Besides bioreactors, sludge treatment including sludge buffer tanks, aerobic/anaerobic digestion and dewatering also contributes to N2O emissions, with mean (95% CI) of 0.04% (0.02–0.06%) kg N2O-N kg−1 TN. N2O emissions occur in sludge buffer tanks mainly due to the release of dissolved N2O and denitrification during sludge storage14. For emissions from the dewatering process, lower EFs were found when the plants are equipped with anaerobic digestion (for example, 14.1 ± 5.2 mg m−3 influent) than without anaerobic digestion (for example, 33.3 ± 7.4 mg m−3 influent)45. For WRRFs with onsite biosolids disposal, elevated N2O emissions are expected.
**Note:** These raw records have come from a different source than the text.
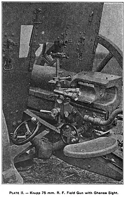 The first artillery panoramic field lenses, later adopted by all the armies of the world, were invented by the Romanian General Toma Ghenea.[10] Ghenea patented his "sighting attachment for ordnance" on 13 December 1902.[11] Beginning with 1902, the panoramic sight began to gain ground very rapidly. But by 1907, Ghenea's was still "one of the most perfect yet devised". It had compensating gear for drift-caused lateral deviations and level of wheels.[12] Ghenea's gun sight enabled sighting adjustments to be made rapidly, even for extreme alterations.[13] The vertical angle which the sight made with the axis of the gun could be read on a quadrant scale.[14] The Ghenea sight was peculiar because the pedestal itself was mounted on a transverse horizontal pivot to which the drum on which the elevation was set was attached. The pedestal itself was always perpendicular with the line of sight. The longitudinal level was just over the eyepiece of the panorama sight. In the Romanian Army, Ghenea's sight was fitted to the 75 mm Krupp L/30 field gun, being used for both direct and indirect laying.[15] The Ghenea sight allowed the gun layer to adjust the range during the return of the piece in battery, by lightly turning the elevation screw which was just in front of him, without having to take his eye off the level. The bubble of the level was brought to its central position as soon as the forward movement of the gun was finished. With an ordinary sight, changing the range elevation while the gun was in motion was impossible.[16]
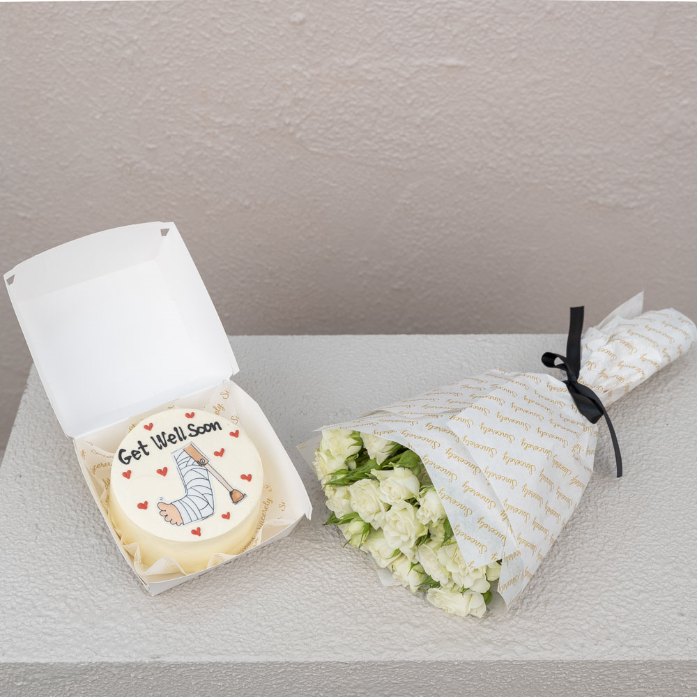Yummy 4 inches bento lunch box chocolate cake for 2 persons served In a carton box with a small bouquet of baby roses.
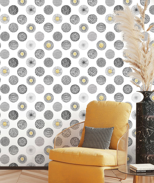 Circle Wallpaper Peel and Stick, Polka Dot Wallpaper, Black and White Wallpaper, Removable Wall Paper
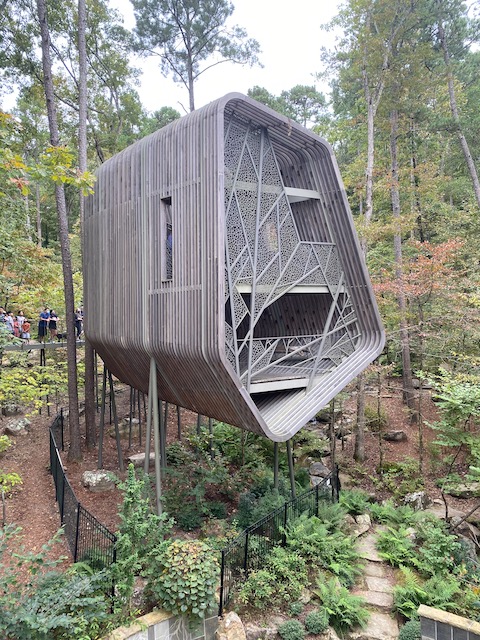 The next day we drove the Hot Springs Mountain Scenic Drive in the national park. The drive, originally built as a carriage road in the 1880s, starts at the end of Fountain Street off Central Avenue. It continues through a series of switchbacks until you reach the Pagoda overlook and the Hot Spring Mountain Tower. Since they were limiting the number of people in the tower (and gift shop), we took the short walk down to the Pagoda overlook instead.

The mean N2O EFs of commonly used sludge disposal methods, including incineration46, composting47 and biosolids stockpile35 are 0.76% kg N2O-N kg−1 TN, 1.82 g N2O-N kg−1 dry solids yr−1 and 0.06 g N2O-N kg−1 dry solids yr−1, respectively.
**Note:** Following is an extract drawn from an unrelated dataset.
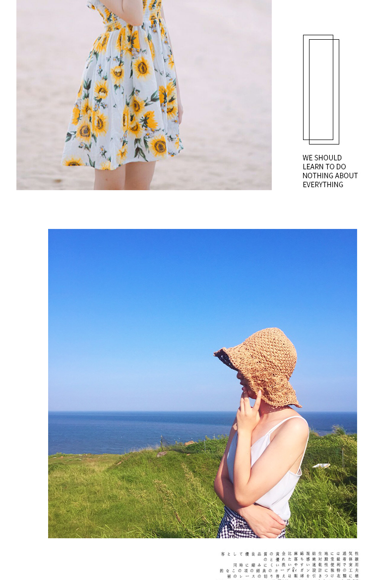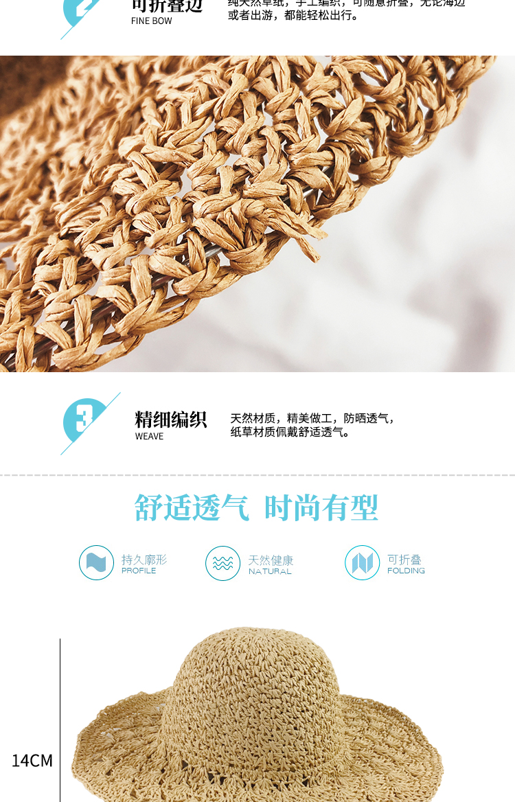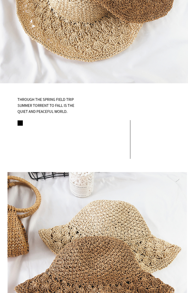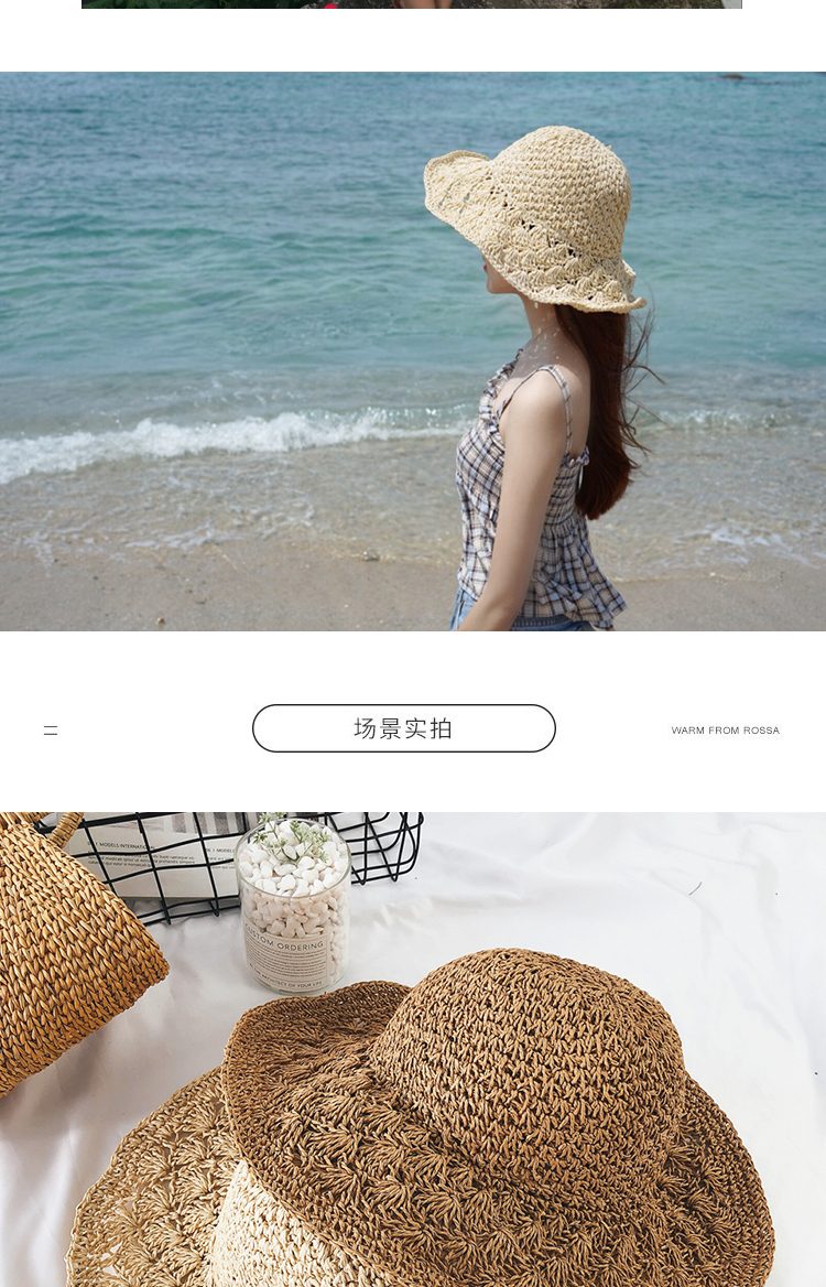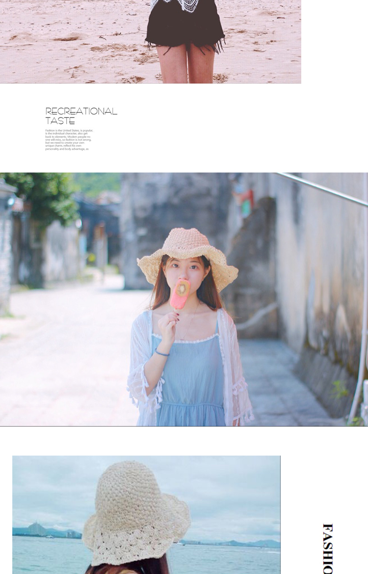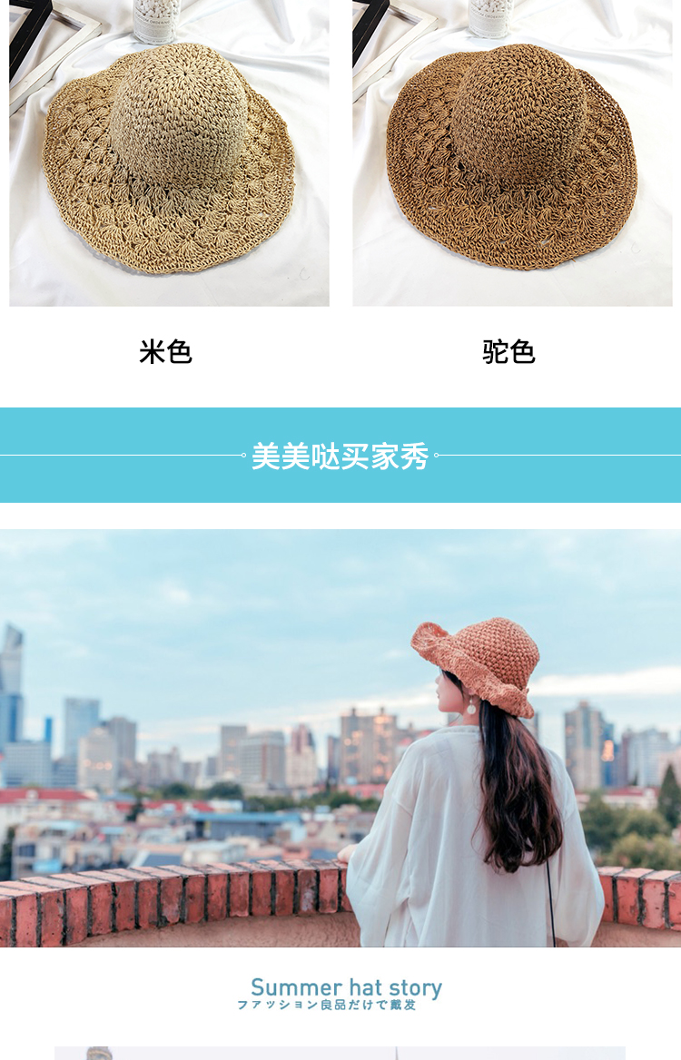 韓版可折疊沙灘草帽女夏天百搭小清新海邊大沿防曬遮陽太陽帽子夏1入

N2O emissions from primary treatment and secondary clarifier are low due to limited biological nitrogen conversions; instead, they are generally associated with dissolved N2O generated from the upstream reactors, that is, sewer networks and bioreactors. While N2O emissions from sewer networks have long been assumed to be negligible and are excluded from GHG inventories15, recent studies did identify influent pump stations as potential N2O emission hotspots48,49. Dissolved N2O concentration in the influent was observed to be highest compared with other unit processes48, indicating that N2O formation occurs in sewer networks. According to the very limited number of monitoring campaigns conducted in sewer networks or WRRF influents (Fig. 4b), gaseous N2O fluxes were detected in the range of 0.3–1.5 mg m−2 h−1 from sewer networks50 and 1.3–11.2 mg m−2 h−1 from WRRF influents48,49 (Fig. 4c). We should caution that only one study reported gaseous N2O fluxes from sewer networks, so it may not be representative. Given that dissolved N2O concentrations in sewer (6.0–18.8 µg l−1) and WRRF influent (3.9–26.0 µg l−1) are comparable (Fig. 4d), similar levels of gaseous N2O fluxes from sewer networks and WRRF influents should be expected. More monitoring campaigns in sewer networks are necessary for better understanding, as gaps in sewer N2O inventories will restrict the sector’s capacity to benefit from any future N2O emission crediting schemes51. Innovative monitoring approaches and modelling are beneficial, given the complexity and scale of sewer networks.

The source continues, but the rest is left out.